Today’s the first time I’ve seriously tried to get my head around the developments in the UK on benefits and welfare since I left, prompted by Sarah Ditum’s blog post on the attempt by Tories in marginal seats to persuade Cameron to toughen benefit rules for teenage single mothers. Using the Guardian’s society coverage purely for ease of use, this is an incomplete list of what’s happened since I left to come to Australia on May 18, less than three months ago. This is neither an exhaustive list nor a cherry-picked one, and it’s biased to a single source.
- Costs soar as wealthy councils rehouse families in hotels and B&Bs
- Child and pensioner poverty reductions under Labour at risk, says report
- Britain faces ‘colossal’ child poverty bill, report shows
- Homeless? Here, have a tent…
- Food banks struggle to feed hungry as demand rises
- Bedroom tax ‘could make thousands of poor people homeless’
- Fitness-for-work tests unfair on people with mental health problems, court says
- Work Programme staff struggle to help unemployed when ‘jobs aren’t there’
- Night shelter crisis: ‘Find your own money,’ say ministers
- Welfare to work scheme failing to get people work, say figures
- Benefits cap is rolled out across Britain
- Welfare curbs ‘risk food banks and loan sharks’

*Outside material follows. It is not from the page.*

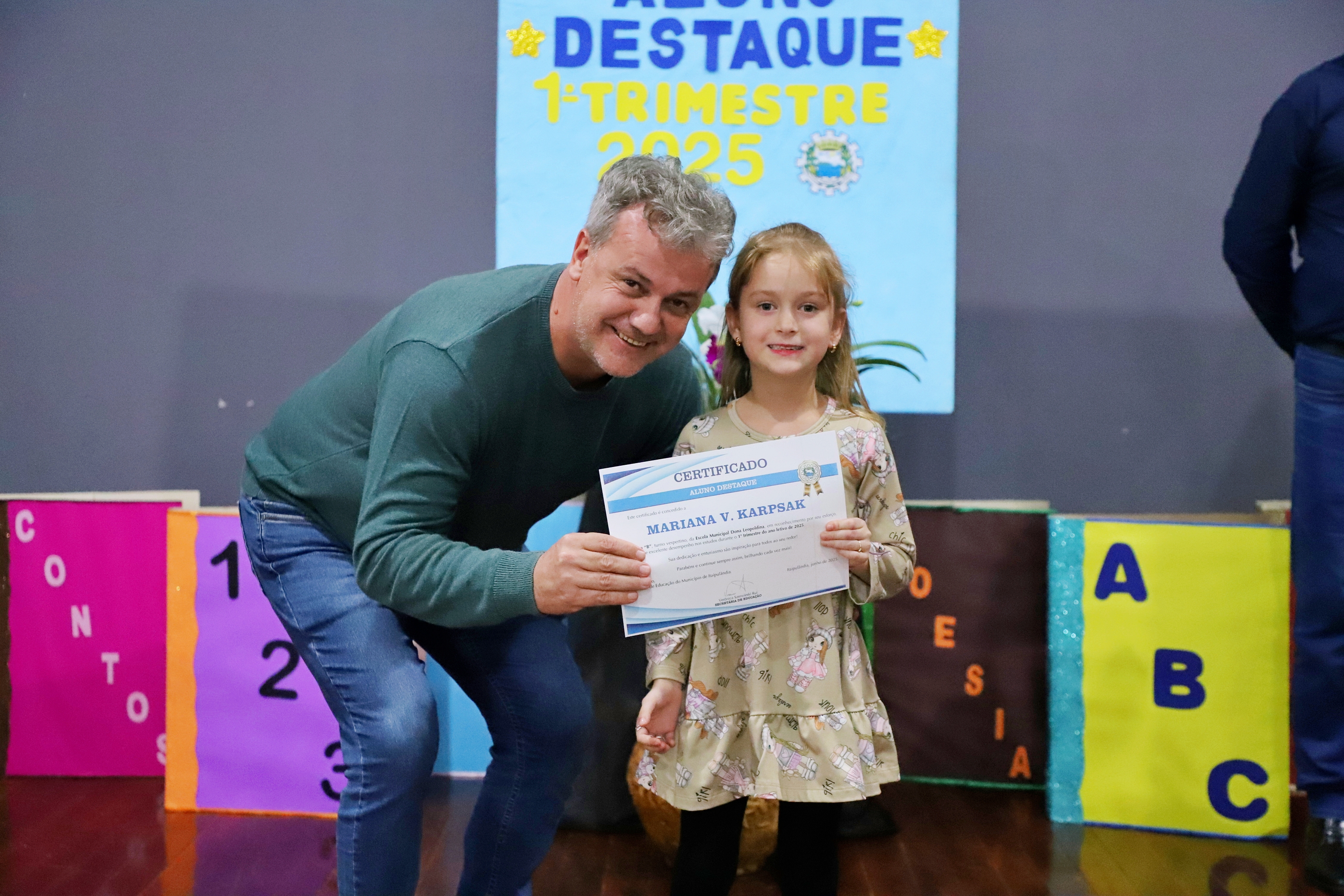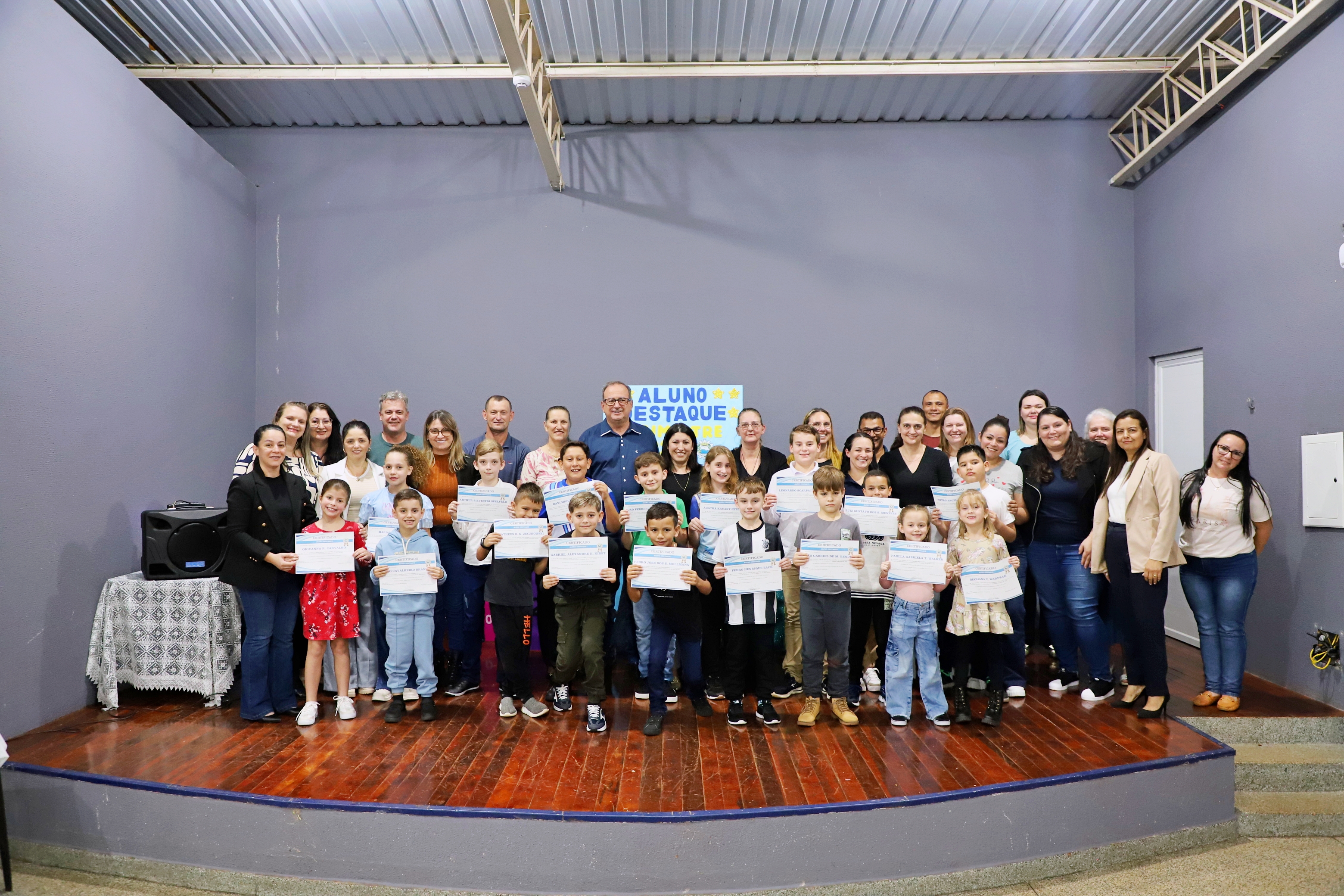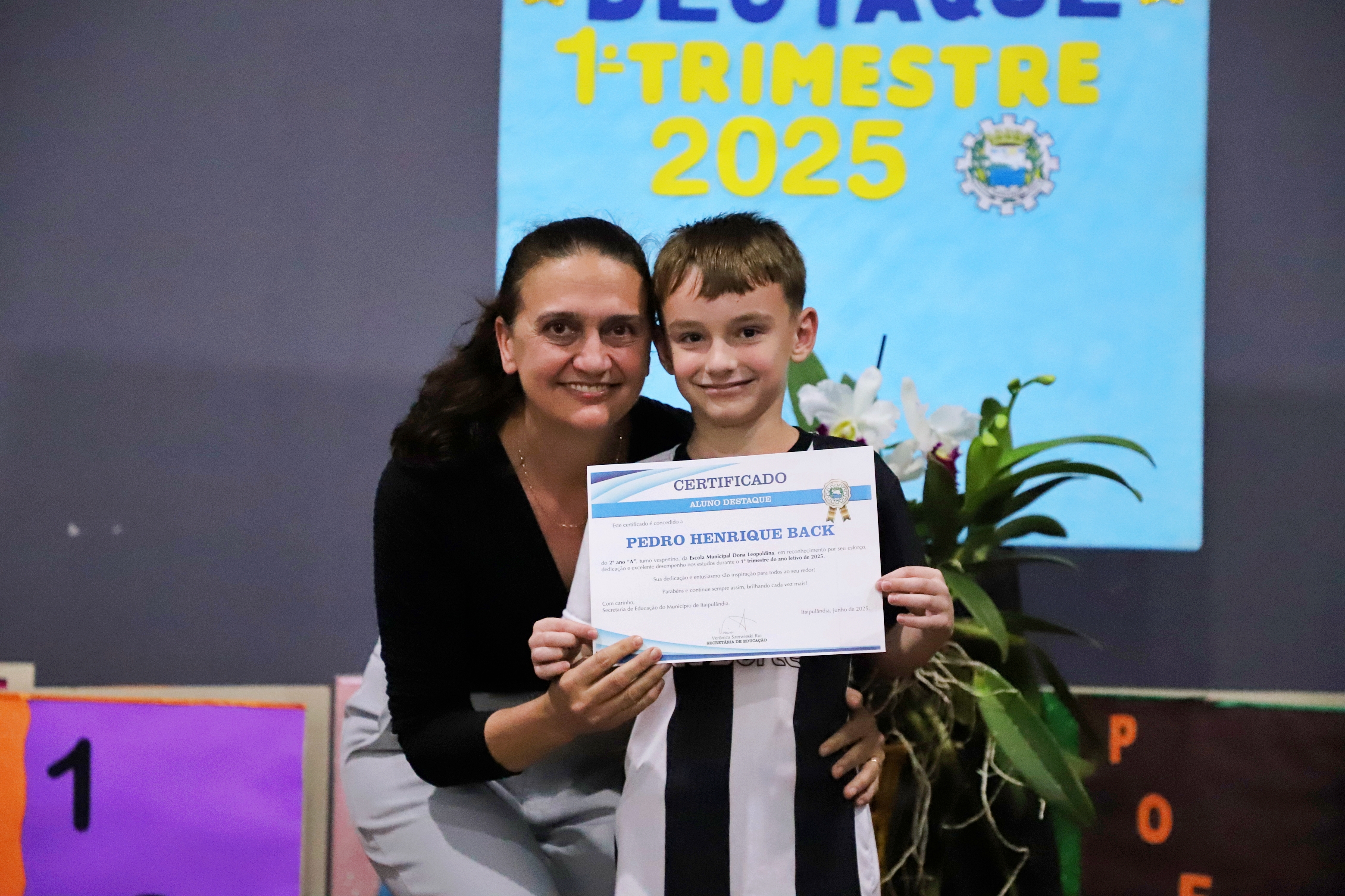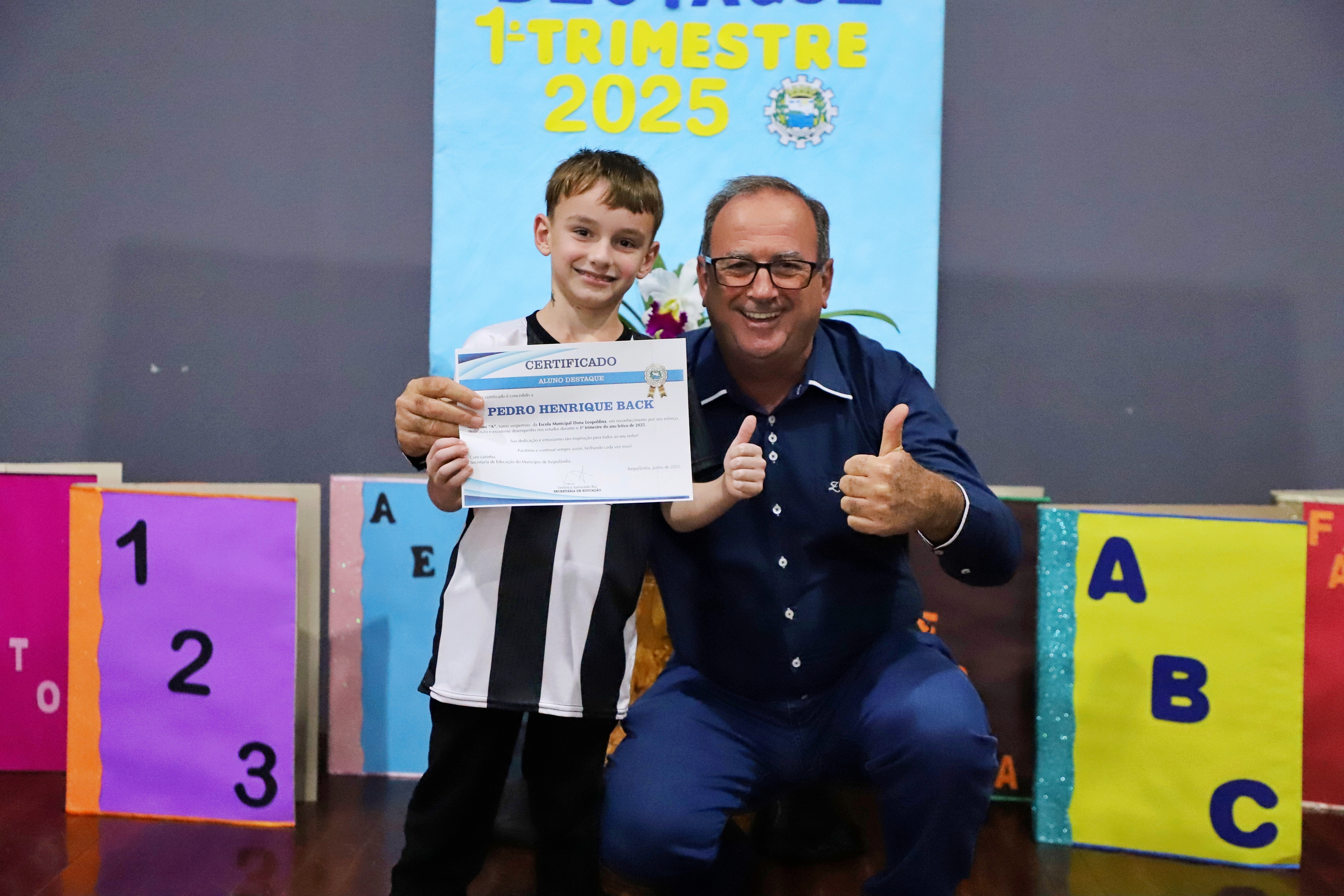 A Escola Municipal Dona Leopoldina realizou nesta semana uma cerimônia especial para homenagear 20 alunos que se destacaram no 1º trimestre letivo de 2025, com médias acima de 8,0 nas avaliações do Projeto Mais IDEB nos Municípios Lindeiros ao Lago de Itaipu, nas avaliações de Língua Portuguesa e Matemática aplicadas pela SMED e no Compromisso Nacional Criança Alfabetizada (CNCA). O evento também prestou reconhecimento aos professores da turma com melhor desempenho da escola, reforçando a valorização do trabalho pedagógico coletivo.

- Huge rise in use of food banks since welfare changes, says aid body
- Most of London’s new housing benefit claims are from working families
- Carers facing debt and eviction because of bedroom tax – study
- Extra million people in absolute poverty since coalition came to power
- And, to cap the list: MPs brace for public fury over pay rise of nearly £10,000
I am struggling to understand what is happening at home as anything other than a war waged by some of the richest people in the country against some of the poorest.